• Activity:
Omit each picture as you copy the entries exactly.

Extracted material START

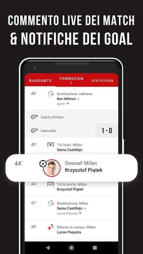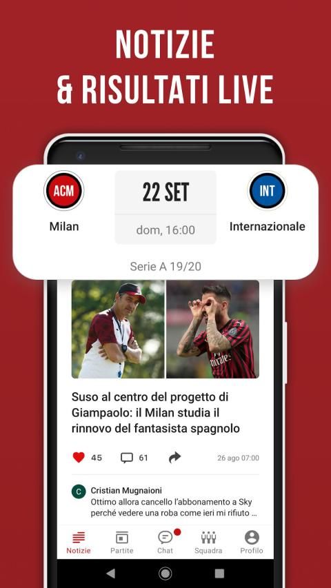 Get everything on Milan in an instant! From the latest news to the best editorial articles, from the LIVE match commentary, to the match schedule, from the results to goal notifications - all the important information for a true Milan fan!
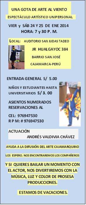 Se invita muy cordialmente a los amantes del arte a disfrutar de un espectáculo artístico cultural Una gota de arte al viento que presenta el gran artista polifacético Andrés Valdivia Chávez que se llevará a cabo el día de hoy sábado 25 de enero 2014, a horas 7 y 30 p. m., en el auditorio San Judas Tadeo de PROSESA Producciones E I R L, sito en Jr. Hualgayoc 384 (a una cuadra de la 2da Comisaría de la Policía Nacional) barrio San José.
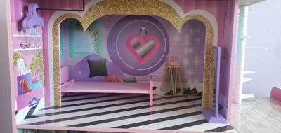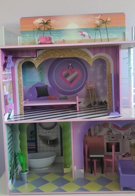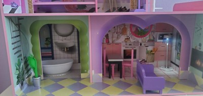 [This review was collected as part of a promotion.] This was pretty easy to put together. Simple floor plan and sturdy structure, very well made. The fun colors and design goes well with my child's surprise dolls. A great vibrant appeal.. This has the right amount of room to play and it comes with furniture. My daughter loves the working lamp and the sound of the toilet. Makes pretend a little more exciting.
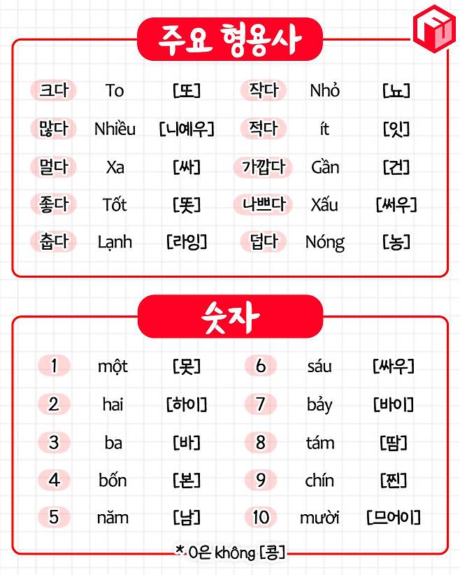 베트남 여행 회화로 필요할 수도 있는 주요 형용사와 숫자 표현입니다. 숫자 표현은 재미삼아 보셔도 좋을텐데요. 한국인들의 '건배', '짠' 처럼 베트남 현지에서도 술잔을 부딪히며 하는 표현이 있습니다.
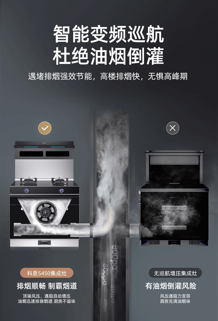 集成灶得以實現高效油煙吸凈率,則是源自對吸油煙方式的改變,將傳統上行排煙升級為側吸下排,集成灶十大品牌、廚電行業十大品牌科恩S450變頻大吸力左右蒸烤集成灶20m3/min澎湃大吸力,S級豪華轎車品質,低空封鎖油煙升騰區,清爽爆炒不過臉,吸凈雙灶爆炒煙,搭載智能變頻巡航系統,遇堵排煙強效節能,高樓排煙快,無懼高峰期。
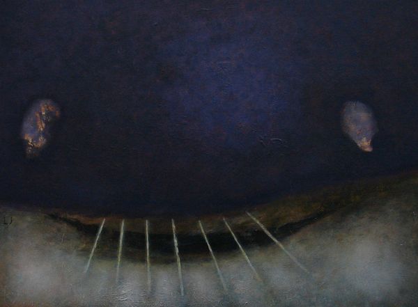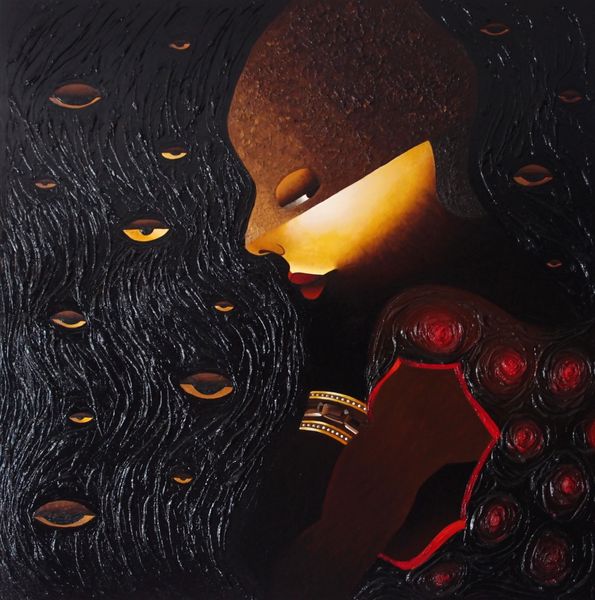 Editor: We’re looking at "Nothing Is What It Seems V," an acrylic on canvas painting by Paulo Tercio from 2014. It’s an intriguing piece featuring two stylized birds against a very dark background. The mood feels confrontational, almost adversarial. What do you see in this piece? Curator: The title itself acts as a crucial key, doesn't it? The birds, presented almost as symbolic figures, draw upon deeply rooted associations. Notice the bird on the right: the stark, geometric redness, adorned with what appears to be an ornate collar, even a kind of armour. What might that armour symbolize, culturally and perhaps personally, to the artist? Editor: Protection? Power? Maybe even vulnerability disguised? Curator: Precisely. The artist may be drawing upon an archetypal language here. Birds have long served as potent symbols. In many cultures, they are messengers, embodying freedom, spirituality. But Tercio seems to be actively subverting those expectations. Consider the other bird, the textures around its eye suggest anger, the focus is palpable. It evokes something beyond the surface. Are these simply birds, or are they reflections of internal conflicts? Editor: It's interesting how the artist uses a common image like birds to represent something so complex and, as the title suggests, perhaps misleading. I was drawn in by their strangeness. Now I’m considering the psychological weight of those shapes and colors. Curator: Yes, it moves us to consider symbols we inherit or presume we know, encouraging reflection upon the possibility they mask unseen dimensions. Editor: I’ll never look at a bird the same way again.
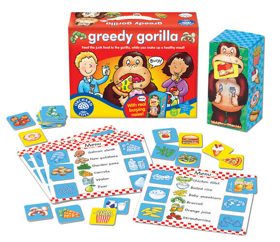 Voici un gorille très sympathique qui va se charger de manger les aliments trop caloriques « the junk food ». Pour cela, insérer les cartes jaune dans sa bouche pour le faire roter mais sans oublier de s'excuser s'il vous plait! Il faudra alors pour pouvoir gagner la partie, être capable de compléter le premier son menu équilibré, à partir de 5 ans et pour tout âge.

Extracted material END

• Expected answer:
 Get everything on Milan in an instant! From the latest news to the best editorial articles, from the LIVE match commentary, to the match schedule, from the results to goal notifications - all the important information for a true Milan fan!
 Se invita muy cordialmente a los amantes del arte a disfrutar de un espectáculo artístico cultural Una gota de arte al viento que presenta el gran artista polifacético Andrés Valdivia Chávez que se llevará a cabo el día de hoy sábado 25 de enero 2014, a horas 7 y 30 p. m., en el auditorio San Judas Tadeo de PROSESA Producciones E I R L, sito en Jr. Hualgayoc 384 (a una cuadra de la 2da Comisaría de la Policía Nacional) barrio San José.
 [This review was collected as part of a promotion.] This was pretty easy to put together. Simple floor plan and sturdy structure, very well made. The fun colors and design goes well with my child's surprise dolls. A great vibrant appeal.. This has the right amount of room to play and it comes with furniture. My daughter loves the working lamp and the sound of the toilet. Makes pretend a little more exciting.
 베트남 여행 회화로 필요할 수도 있는 주요 형용사와 숫자 표현입니다. 숫자 표현은 재미삼아 보셔도 좋을텐데요. 한국인들의 '건배', '짠' 처럼 베트남 현지에서도 술잔을 부딪히며 하는 표현이 있습니다.
 集成灶得以實現高效油煙吸凈率,則是源自對吸油煙方式的改變,將傳統上行排煙升級為側吸下排,集成灶十大品牌、廚電行業十大品牌科恩S450變頻大吸力左右蒸烤集成灶20m3/min澎湃大吸力,S級豪華轎車品質,低空封鎖油煙升騰區,清爽爆炒不過臉,吸凈雙灶爆炒煙,搭載智能變頻巡航系統,遇堵排煙強效節能,高樓排煙快,無懼高峰期。
 Editor: We’re looking at "Nothing Is What It Seems V," an acrylic on canvas painting by Paulo Tercio from 2014. It’s an intriguing piece featuring two stylized birds against a very dark background. The mood feels confrontational, almost adversarial. What do you see in this piece? Curator: The title itself acts as a crucial key, doesn't it? The birds, presented almost as symbolic figures, draw upon deeply rooted associations. Notice the bird on the right: the stark, geometric redness, adorned with what appears to be an ornate collar, even a kind of armour. What might that armour symbolize, culturally and perhaps personally, to the artist? Editor: Protection? Power? Maybe even vulnerability disguised? Curator: Precisely. The artist may be drawing upon an archetypal language here. Birds have long served as potent symbols. In many cultures, they are messengers, embodying freedom, spirituality. But Tercio seems to be actively subverting those expectations. Consider the other bird, the textures around its eye suggest anger, the focus is palpable. It evokes something beyond the surface. Are these simply birds, or are they reflections of internal conflicts? Editor: It's interesting how the artist uses a common image like birds to represent something so complex and, as the title suggests, perhaps misleading. I was drawn in by their strangeness. Now I’m considering the psychological weight of those shapes and colors. Curator: Yes, it moves us to consider symbols we inherit or presume we know, encouraging reflection upon the possibility they mask unseen dimensions. Editor: I’ll never look at a bird the same way again.
 Voici un gorille très sympathique qui va se charger de manger les aliments trop caloriques « the junk food ». Pour cela, insérer les cartes jaune dans sa bouche pour le faire roter mais sans oublier de s'excuser s'il vous plait! Il faudra alors pour pouvoir gagner la partie, être capable de compléter le premier son menu équilibré, à partir de 5 ans et pour tout âge.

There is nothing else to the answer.